Data for analysis:
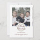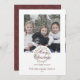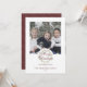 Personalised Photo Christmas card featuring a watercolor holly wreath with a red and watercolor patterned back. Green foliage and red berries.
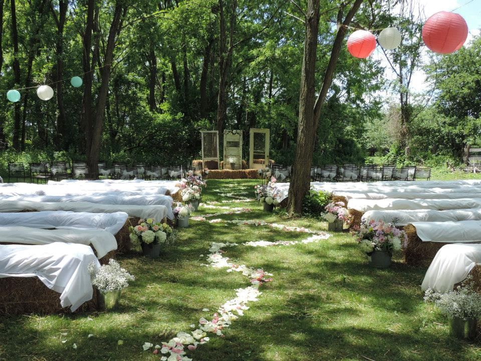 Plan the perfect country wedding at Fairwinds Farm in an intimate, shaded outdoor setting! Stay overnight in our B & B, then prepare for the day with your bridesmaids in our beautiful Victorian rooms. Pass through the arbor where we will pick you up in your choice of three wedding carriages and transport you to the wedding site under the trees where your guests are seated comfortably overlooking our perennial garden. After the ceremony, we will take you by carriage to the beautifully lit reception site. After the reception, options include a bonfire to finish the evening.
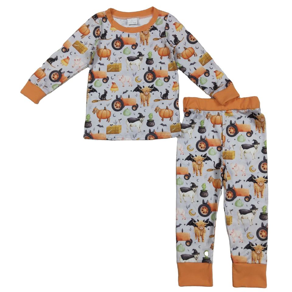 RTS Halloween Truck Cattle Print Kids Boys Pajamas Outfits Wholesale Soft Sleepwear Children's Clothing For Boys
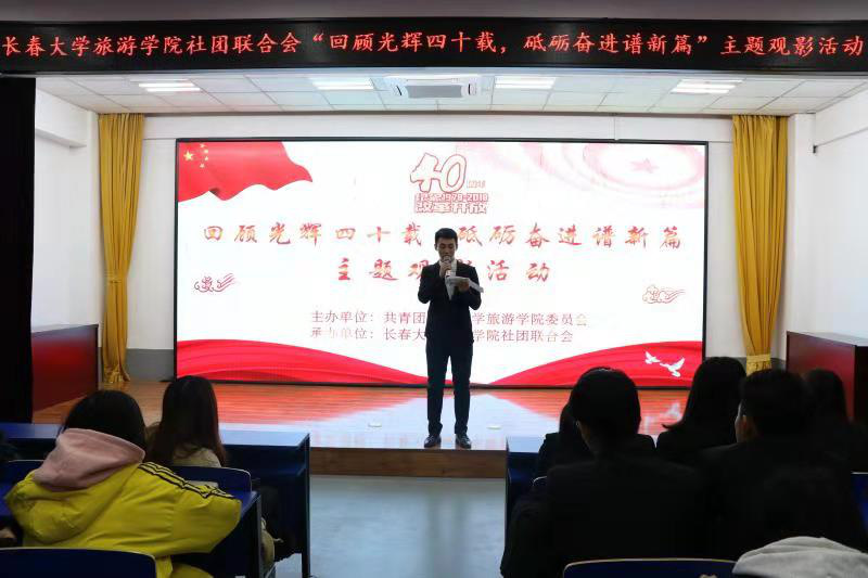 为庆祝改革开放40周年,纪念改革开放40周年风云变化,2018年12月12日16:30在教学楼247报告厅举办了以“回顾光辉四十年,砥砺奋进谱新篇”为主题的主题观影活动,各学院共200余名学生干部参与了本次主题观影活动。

---

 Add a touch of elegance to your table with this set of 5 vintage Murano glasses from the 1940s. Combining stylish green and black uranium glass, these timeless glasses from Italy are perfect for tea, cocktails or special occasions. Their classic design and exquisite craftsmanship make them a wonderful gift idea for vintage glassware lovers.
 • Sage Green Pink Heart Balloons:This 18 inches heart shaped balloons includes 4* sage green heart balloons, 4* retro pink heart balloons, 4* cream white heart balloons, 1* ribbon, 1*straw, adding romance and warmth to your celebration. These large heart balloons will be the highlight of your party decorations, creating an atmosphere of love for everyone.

Task statement: Look above for the line with "RTS Halloween Truck" and the line with "为庆祝改革开放40周年,纪念". Copy them and every line between, exactly, but no pictures.

Answer to this problem:
 RTS Halloween Truck Cattle Print Kids Boys Pajamas Outfits Wholesale Soft Sleepwear Children's Clothing For Boys
 为庆祝改革开放40周年,纪念改革开放40周年风云变化,2018年12月12日16:30在教学楼247报告厅举办了以“回顾光辉四十年,砥砺奋进谱新篇”为主题的主题观影活动,各学院共200余名学生干部参与了本次主题观影活动。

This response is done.